Nevertheless, it seems unlikely that Russia as a whole is on its way to embodying an Orthodox culture in the way that it did up to 1905 or 1917. A reconstructed Orthodox culture will likely be nothing more than one subculture among many. In such a world, the church’s social and political influence will wax and wane, as has that of mainline and evangelical Protestant churches in North America, which, despite their deep roots in U.S. history, are now but one voice among many in the spiritual marketplace.

Many Russians—including many Russian politicians—will formally bow to Orthodoxy and even regard it as a special part of Russian identity. But they will increasingly try on other, sometimes competing cultural identities. The new Russia is a place in which not only Orthodoxy thrives, but also Western-like consumerism, Western sexual mores and a multitude of religious, ideological and lifestyle subcultures, all of which the Russian state gladly tolerates so long as they do not threaten its hold on power.

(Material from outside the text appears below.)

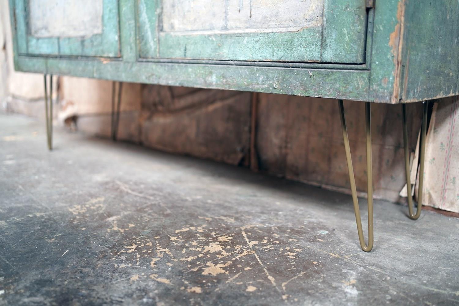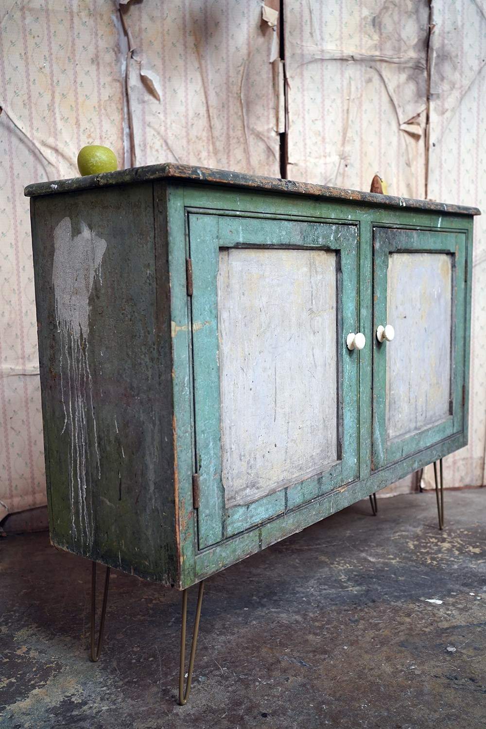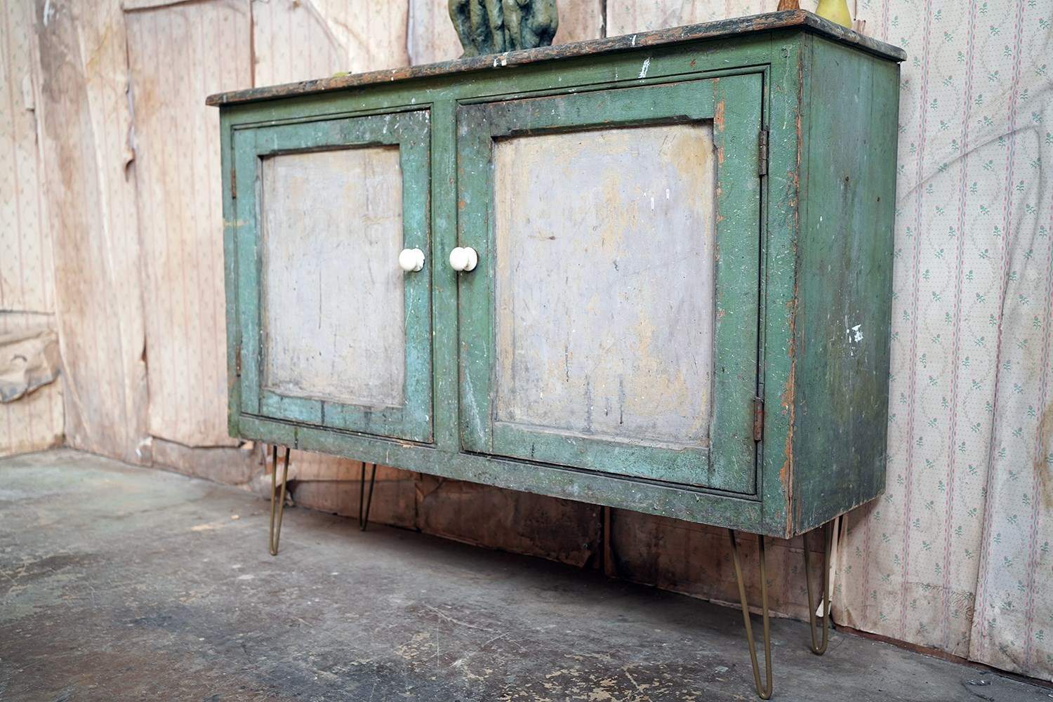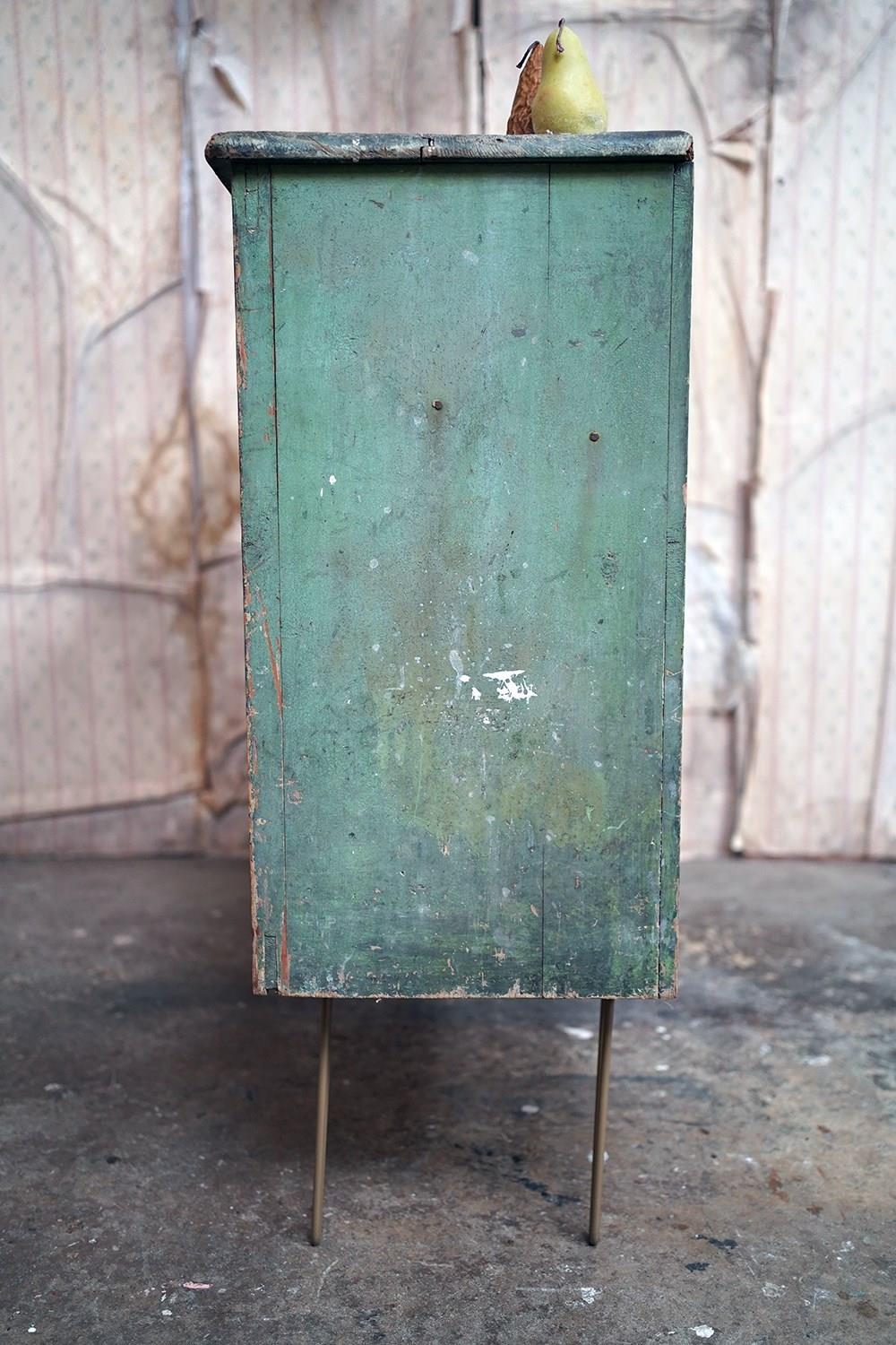 The mid-Victorian pine sideboard of pleasing proportions, the rectangular two-plank rustic top above two panelled doors opening to reveal a shelved interior, the carcass retaining a beautifully time-worn green paint surface, now softly muted and chalked through decades of use, with the recessed panels washed to a pale, almost limed tone, the whole raised on later hairpin legs, giving the piece a subtle lift and a gentle mid-century tension against its Victorian bones.

Most Russians are probably not on the way to claiming Orthodoxy as their primary identity. Whatever being Orthodox will mean to them, it will not lead them into the deeper experience of faith that every Christian community seeks to nurture. At best, the reconstruction of Russian identity as Orthodox identity will open up social space in which the church can do its proper work. At worst, it will tempt the church with worldly power (as managed by the state) and divert it from shaping congregations in which people hear the gospel, participate in the sacraments, shape a more faithful life together and work for a more just society.

In the end, the opportunities and perils that face Russian Orthodoxy and its new patriarch are no different from those that face Christian churches in the pluralistic West. We are always tempted to overestimate our cultural significance and relevance, and to underestimate the demands of the gospel and the difficulty of thinking about our lives theologically. The Russian Orthodox Church faces these enduring challenges even as it tells Russians that they are part of a great tradition with far deeper historical roots than communism, that they both belong and do not belong to the West, and that they still have a unique mission to the world.